Every line from the top of the records through the one bearing "Rubber Strap A" is to be reproduced exactly, and pictures are to be left out.

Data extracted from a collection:
=== Section Start ===
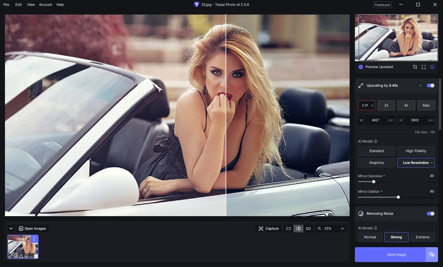 Использование Topaz Photo AI не требует глубоких знаний в области обработки изображений. После запуска приложения достаточно загрузить фотографию, после чего система автоматически проанализирует её и предложит оптимальные настройки. Пользователь может выбрать режим автоматической коррекции или перейти в ручной режим для более точной настройки параметров шума, резкости и масштабирования. Интерфейс интуитивно понятен, а предпросмотр изменений в реальном времени помогает оценить результат до финального экспорта.
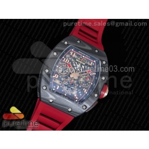 • KV공장 리차드밀 RM011 NTPT 로터스 F1 카본 크로노그래프 크리스탈 스켈레톤 다이얼 레드 러버 스트랩 RM011 RM011 NTPT Lotus F1 Team Carbon Case Chronograph KVF 1_1 Best Edition Crystal Skeleton Dial Red on Red Rubber Strap A
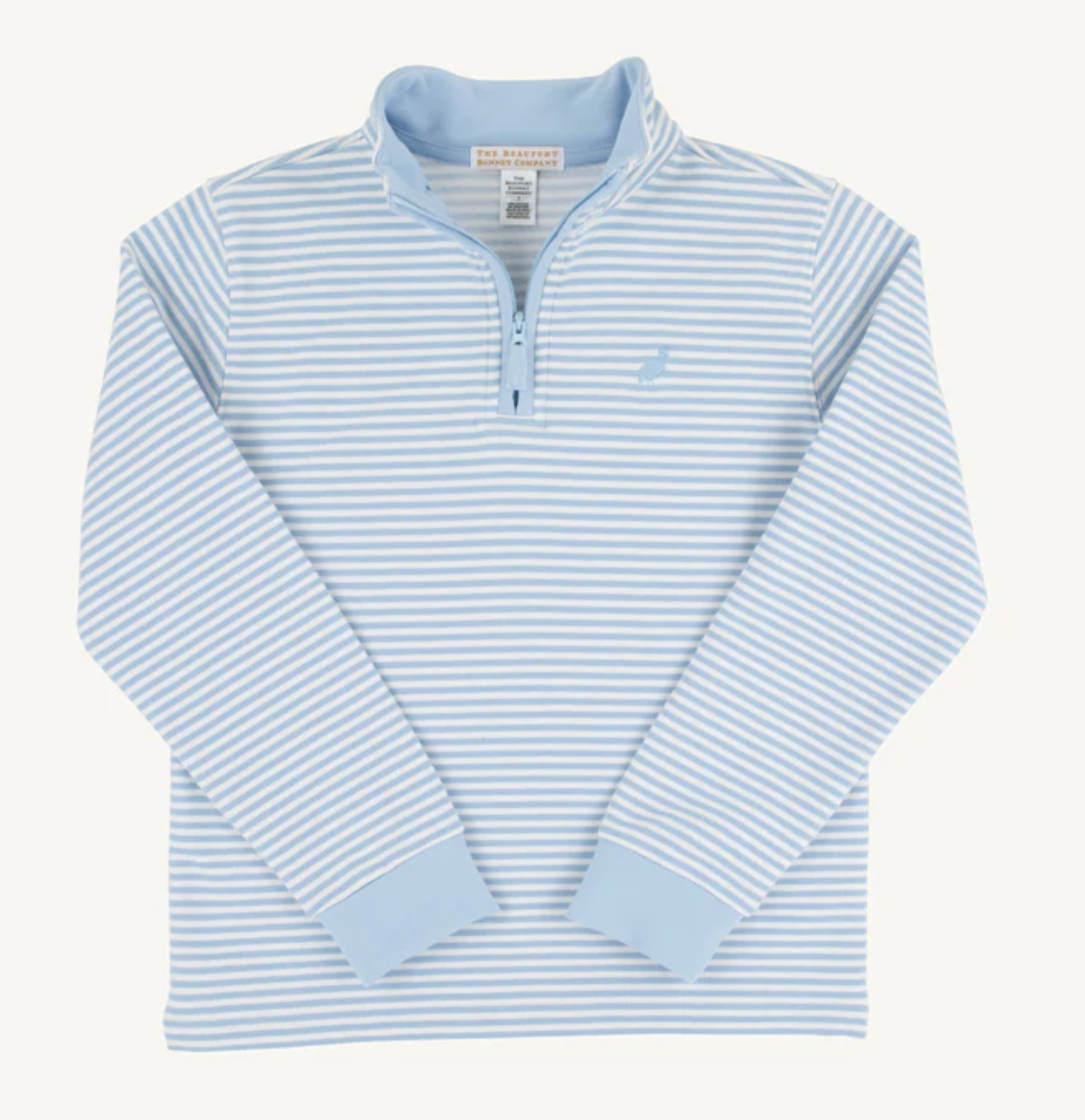 Our Hayword Half-Zip in classic Beale Street Blue Stripe with Beale Street Blue Stork is the perfect layering piece for the stylish young gentleman. This versatile boys' pullover features timeless stripes and a convenient half-zip design that's ideal for school days, weekend outings, or any occasion that calls for preppy style. Crafted for lasting comfort and easy movement, it's an everyday essential that coordinates perfectly with our collection.
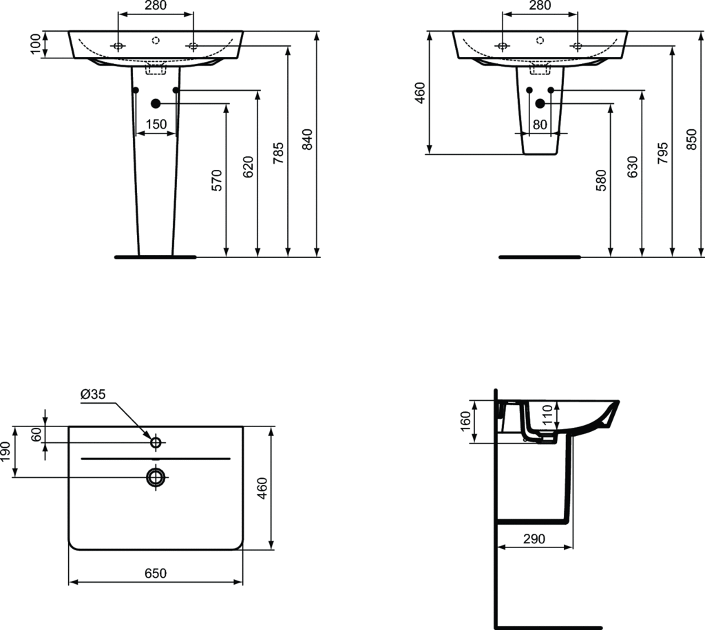 Otwór na baterię. Możliwość skompletowania z postumentem E074901, półpostumentem E074801, odpowiednimi meblami lub z syfonem dekoracyjnym. Brak zestawu montażowego, rekomendowany zestaw typu M10 x 140 mm.
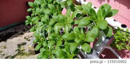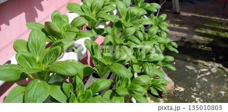 Healthy Hydroponic Pak Choi Garden in White Pipes for Modern Sustainable Food Production and Home Agriculture
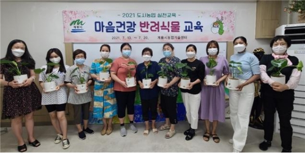 [충청뉴스큐] 계룡시 농업기술센터는 지난 7월 13일부터 20일까지 2회에 걸쳐 다문화여성 10명을 대상으로 ‘마음건강 반려식물 교육’을 실시했다고 전했다.
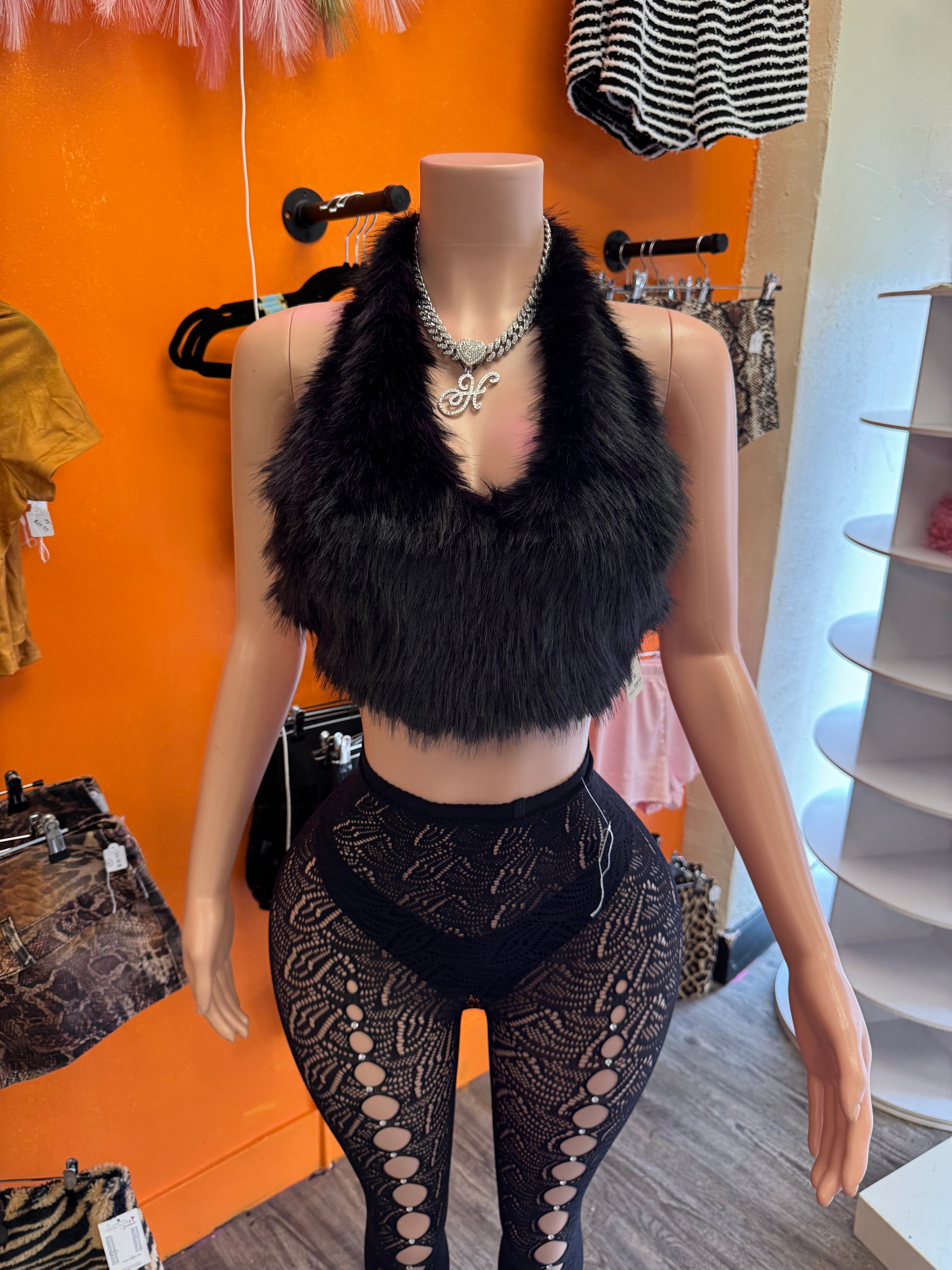 Double Tie up Backless Fur Top
=== Section End ===
▸ RESPONSE:
 Использование Topaz Photo AI не требует глубоких знаний в области обработки изображений. После запуска приложения достаточно загрузить фотографию, после чего система автоматически проанализирует её и предложит оптимальные настройки. Пользователь может выбрать режим автоматической коррекции или перейти в ручной режим для более точной настройки параметров шума, резкости и масштабирования. Интерфейс интуитивно понятен, а предпросмотр изменений в реальном времени помогает оценить результат до финального экспорта.
 • KV공장 리차드밀 RM011 NTPT 로터스 F1 카본 크로노그래프 크리스탈 스켈레톤 다이얼 레드 러버 스트랩 RM011 RM011 NTPT Lotus F1 Team Carbon Case Chronograph KVF 1_1 Best Edition Crystal Skeleton Dial Red on Red Rubber Strap A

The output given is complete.